» **Data block**:

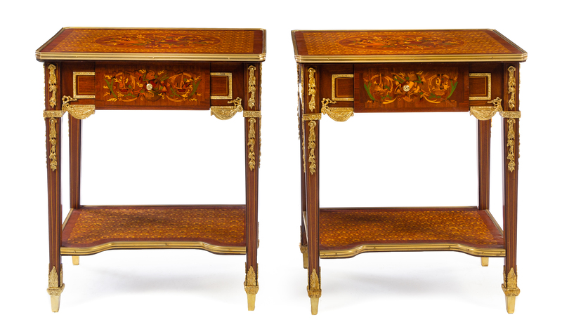A Pair of Louis XVI Style Gilt Bronze Mounted Side Tables
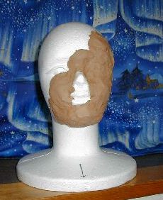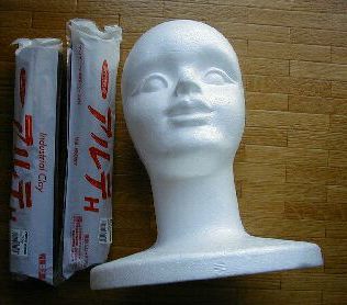 <学生時代、参考書を買っただけで勉強が出来たような感覚になるのと同じですね。 インダストリアルクレイ 工業モデル用の粘土。常温では固いが、高温(風呂の温度くらい)になると柔らかくなる。 通常の油粘土では表面をツルツルに仕上げるのが難しいこと、面ほどの大きさになると粘土自体の自重で変形してしまうため、私はこれを使用しました。 (アルテH ’00年頃は¥1300円:通常、面原型1つ作るのに、2.5〜3個程度使用。現在はもっと価格高いです) マネキントルソ 発泡スチロールの首から上の顔型。写真は目鼻口つきのものだが、ペプシマンのようなのっぺらぼうタイプもあります。どちらを選んでも造形上差は無いです。このサイズで面を作っては小さすぎてかぶれませんので、この後書くように盛り上げをしてしまいますので。 (マネキントルソ ¥950円) トルソはあくまで粘土造りの土台なので、コレを買わなくても自前で大きな発泡スチロールを削りだして頭の形に作り出すのも良いでしょう。また、発泡スチロールは粘土が付着しにくいので、スチロール以外の土台を用意し、その表面に人間の顔の輪郭の金網を方取る手法をする方もいます。 注)ここでの価格は全て購入時の値段です。 ’07.1注釈) インダストリアルクレイについては、こちらも参考にして下さい。 |
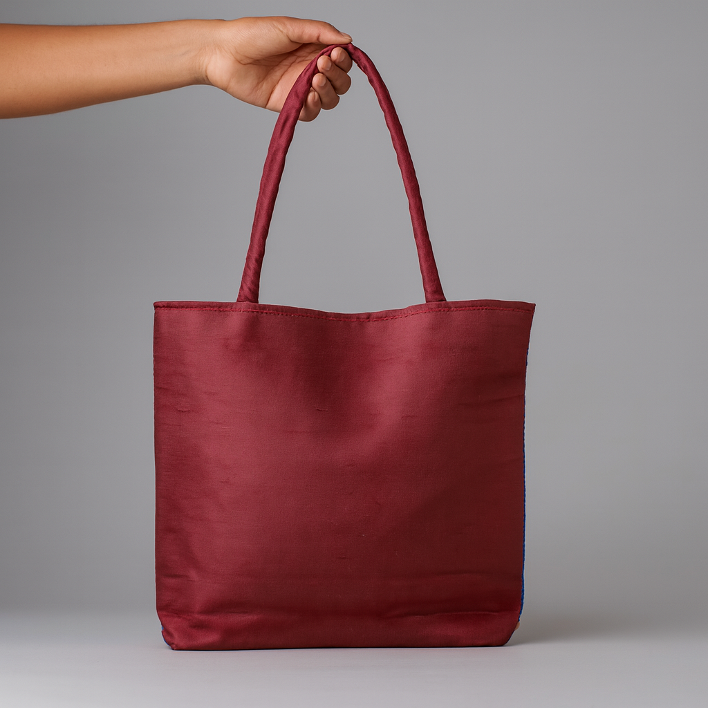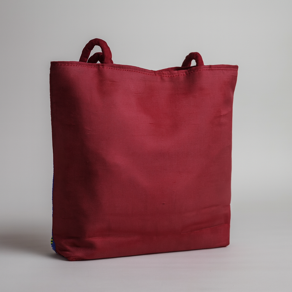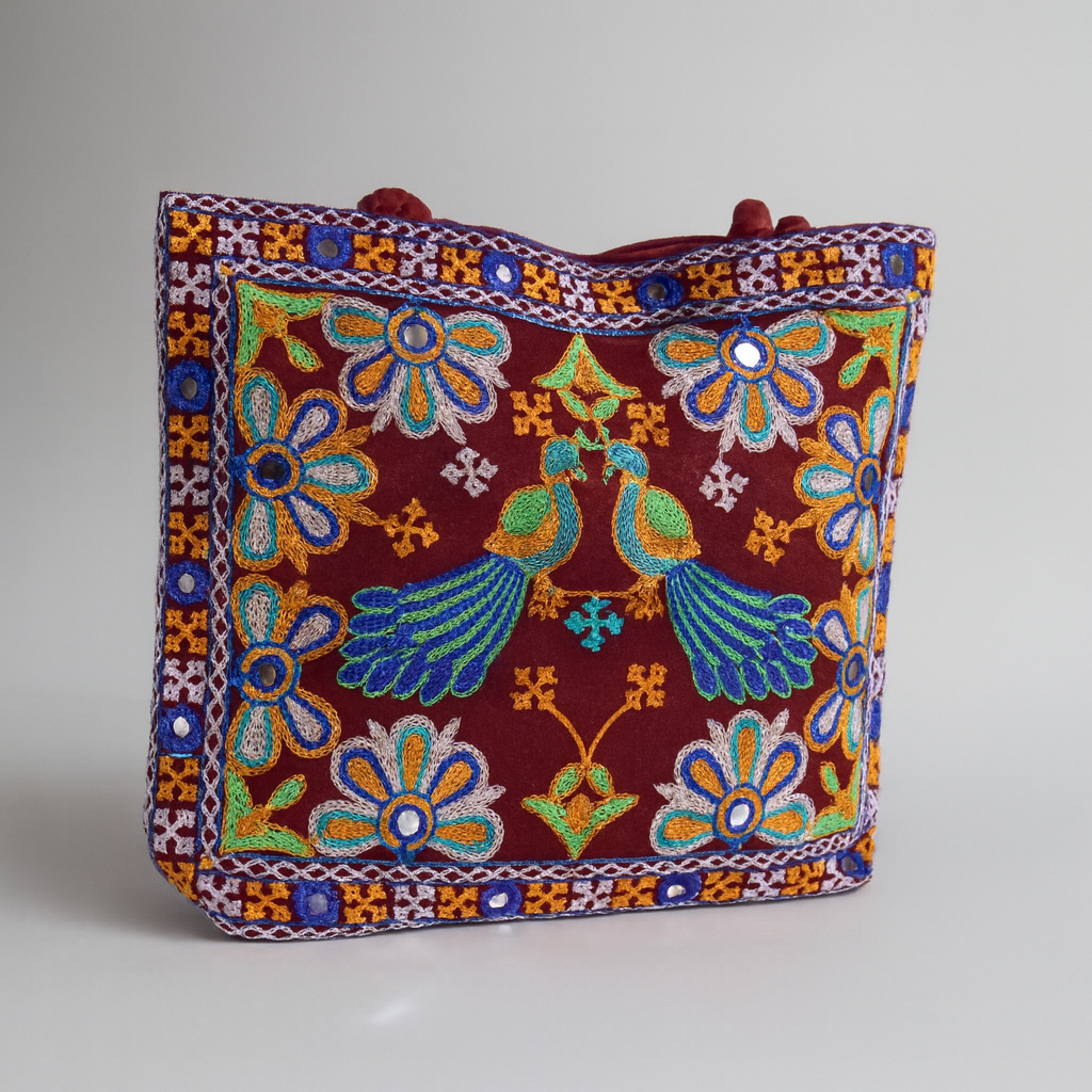 Elevate your everyday style with this stunning handmade cotton tote bag, crafted with intricate embroidery and mirror work. Featuring vibrant floral patterns and elegant bird motifs on a rich maroon base, this eco-friendly bag blends tradition with modern functionality. Perfect for casual outings, shopping, or as a unique gift, it showcases the beauty of artisanal craftsmanship while offering durability and ample space. The soft cotton fabric ensures comfort, while the detailed embroidery makes it a true statement accessory. Each piece is carefully handcrafted, making every bag one-of-a-kind and a celebration of Indian heritage. Whether paired with ethnic or contemporary outfits, this embroidered tote bag adds a colorful, cultural flair to your wardrobe.

» **Prompt**: Go from the first line of the data above to the line containing "注)ここでの価格は全て購入時の値段です。 ’07.1注釈) インダストリアルクレイについては、こちらも参考にして下さい。 |" and retype exactly those lines, both included, but none of the pictures.

» **Reply to the task**:
A Pair of Louis XVI Style Gilt Bronze Mounted Side Tables
 <学生時代、参考書を買っただけで勉強が出来たような感覚になるのと同じですね。 インダストリアルクレイ 工業モデル用の粘土。常温では固いが、高温(風呂の温度くらい)になると柔らかくなる。 通常の油粘土では表面をツルツルに仕上げるのが難しいこと、面ほどの大きさになると粘土自体の自重で変形してしまうため、私はこれを使用しました。 (アルテH ’00年頃は¥1300円:通常、面原型1つ作るのに、2.5〜3個程度使用。現在はもっと価格高いです) マネキントルソ 発泡スチロールの首から上の顔型。写真は目鼻口つきのものだが、ペプシマンのようなのっぺらぼうタイプもあります。どちらを選んでも造形上差は無いです。このサイズで面を作っては小さすぎてかぶれませんので、この後書くように盛り上げをしてしまいますので。 (マネキントルソ ¥950円) トルソはあくまで粘土造りの土台なので、コレを買わなくても自前で大きな発泡スチロールを削りだして頭の形に作り出すのも良いでしょう。また、発泡スチロールは粘土が付着しにくいので、スチロール以外の土台を用意し、その表面に人間の顔の輪郭の金網を方取る手法をする方もいます。 注)ここでの価格は全て購入時の値段です。 ’07.1注釈) インダストリアルクレイについては、こちらも参考にして下さい。 |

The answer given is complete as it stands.